Over the course of a year from October 2004 until October 2005 a residential care assessment programme was performed for people with diabetes who currently reside in residential or nursing homes (residential care settings) in the Tameside and Glossop area. The programme was jointly implemented by a team of DSNs and podiatrists, and set out to determine the need for specialist diabetes interventions in residential care settings. This article will focus on the nursing aspect of the programme.

The Tameside and Glossop Primary Care Diabetes Team consists of a team of DSNs, specialist podiatrists, specialist dietitians, and Asian diabetes support workers. Traditionally, the nursing caseloads have been created as a result of referrals received from healthcare professionals within and outside of the trust, including those from private sector residential care settings. Referral reasons vary considerably, but the main requests are for assessment of poor control, insulin initiation and education of patients and carers.

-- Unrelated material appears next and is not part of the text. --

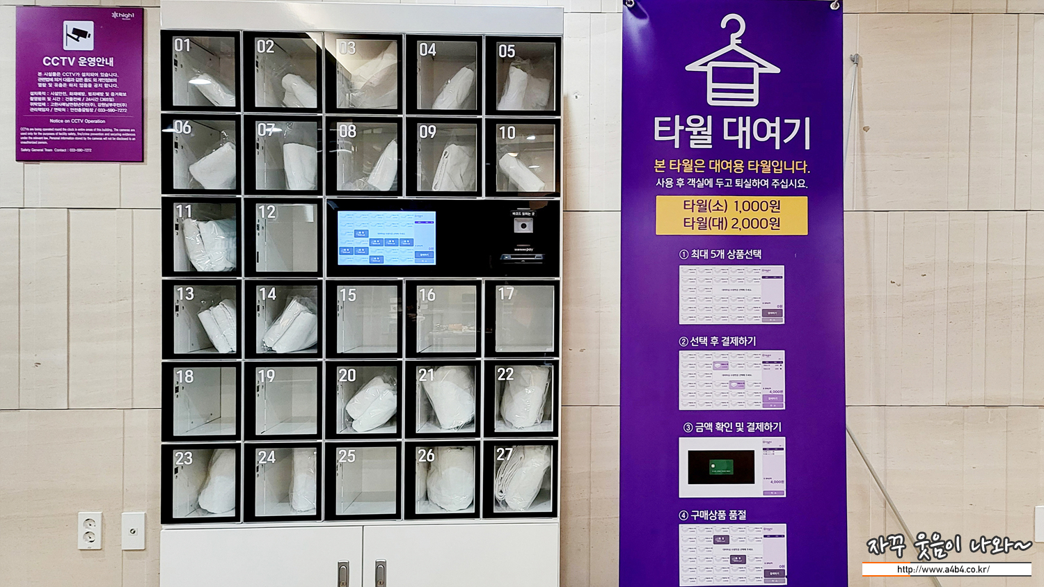 수건은 총 5장이 있고요. 추가로 타월이 필요하다면, 1층 타월 대여기에서 유상으로 대여가 가능합니다. 사실 1박 2일 이어도 타월 5장은 항상 부족하다는 생각입니다. 항상 여분의 수건을 챙겨오지만, 급하면 이곳 이용하는 것도 좋아 보이네요.

All referred patients are assessed by an experienced DSN, and care programmes are based on that assessment. A typical care programme would include education of the patient, carer, or both, intervention by the DSN and referral to other appropriate agencies.

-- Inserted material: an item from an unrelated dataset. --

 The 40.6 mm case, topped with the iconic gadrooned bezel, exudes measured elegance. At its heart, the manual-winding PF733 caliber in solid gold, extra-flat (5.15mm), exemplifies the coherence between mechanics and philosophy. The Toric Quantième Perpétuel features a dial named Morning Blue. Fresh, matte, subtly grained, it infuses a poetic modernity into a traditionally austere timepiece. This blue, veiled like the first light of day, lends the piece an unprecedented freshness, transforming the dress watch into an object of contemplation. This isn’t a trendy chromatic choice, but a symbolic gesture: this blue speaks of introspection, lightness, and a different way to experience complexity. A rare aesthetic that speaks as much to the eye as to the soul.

In most cases, the DSN assessment identifies the clinical symptoms of sub-optimal diabetes control which were evident at the time of referral. People with diabetes often present with symptomatic hyperglycaemia, frequent unexplained hypoglycaemia and poor understanding of their own condition. There are many reasons for delays in referral,  although often there is not one specific factor.

The development of clinical symptoms prior to referral suggests a lack of ability by the referrer in managing the specific needs of the individual. It may also be indicative of poor recognition of the need to refer early for interventions. However, if the person with diabetes is not attending regular appointments and full information is not being given to the healthcare professional responsible, then the need for referral is not necessarily apparent.

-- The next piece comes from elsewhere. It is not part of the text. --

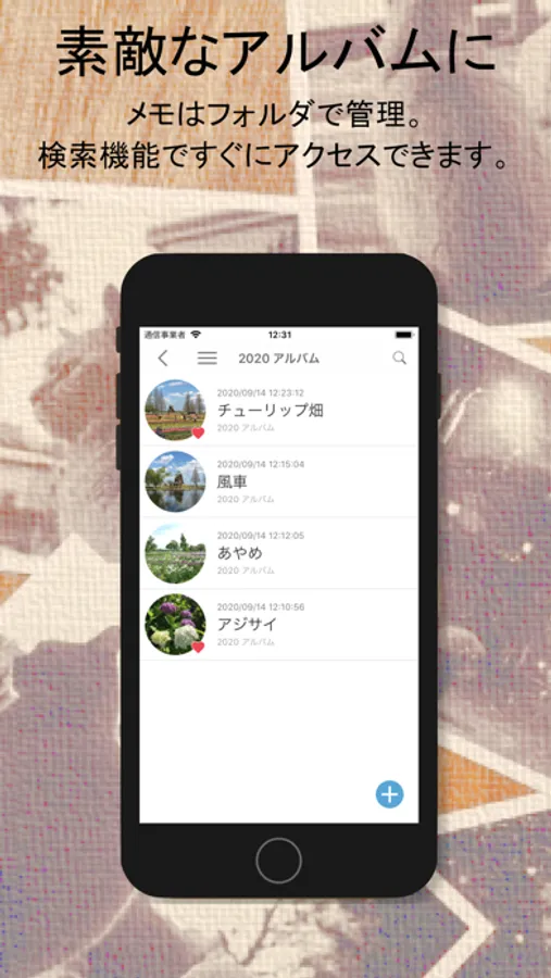 →画像、タイトル、説明を1セットとしてメモを作ることができます。

People with diabetes living in residential care are often not in a position to recognise and request interventions for themselves. For these people, it is the carers who are best placed to identify problems and initiate referral because of their close contact with the patient. In these instances it is imperative that the care staff concerned have a basic level of knowledge in order to support people with diabetes and to enable them to recognise the need for intervention and seek assistance from the most appropriate source.

Since 2003, the team has run a series of training programmes for staff in residential settings based on a model set by the Northern and Yorkshire Regional Working Group (2002). While evaluation of this programme has shown that the audience found it to be a very informative and useful course, we believe that it has largely been poorly attended and appears to be ineffective. High turnover of staff in the homes is a reported problem, as is lack of authority when feeding information back to the home. This reduces the effectiveness of the training as those attending are often not in a position to be able to enforce changes.

The problems related to providing ongoing training and the evident delays in referral were major contributing factors in determining that a full assessment of needs was required in order to be able to provide an appropriate service in these settings.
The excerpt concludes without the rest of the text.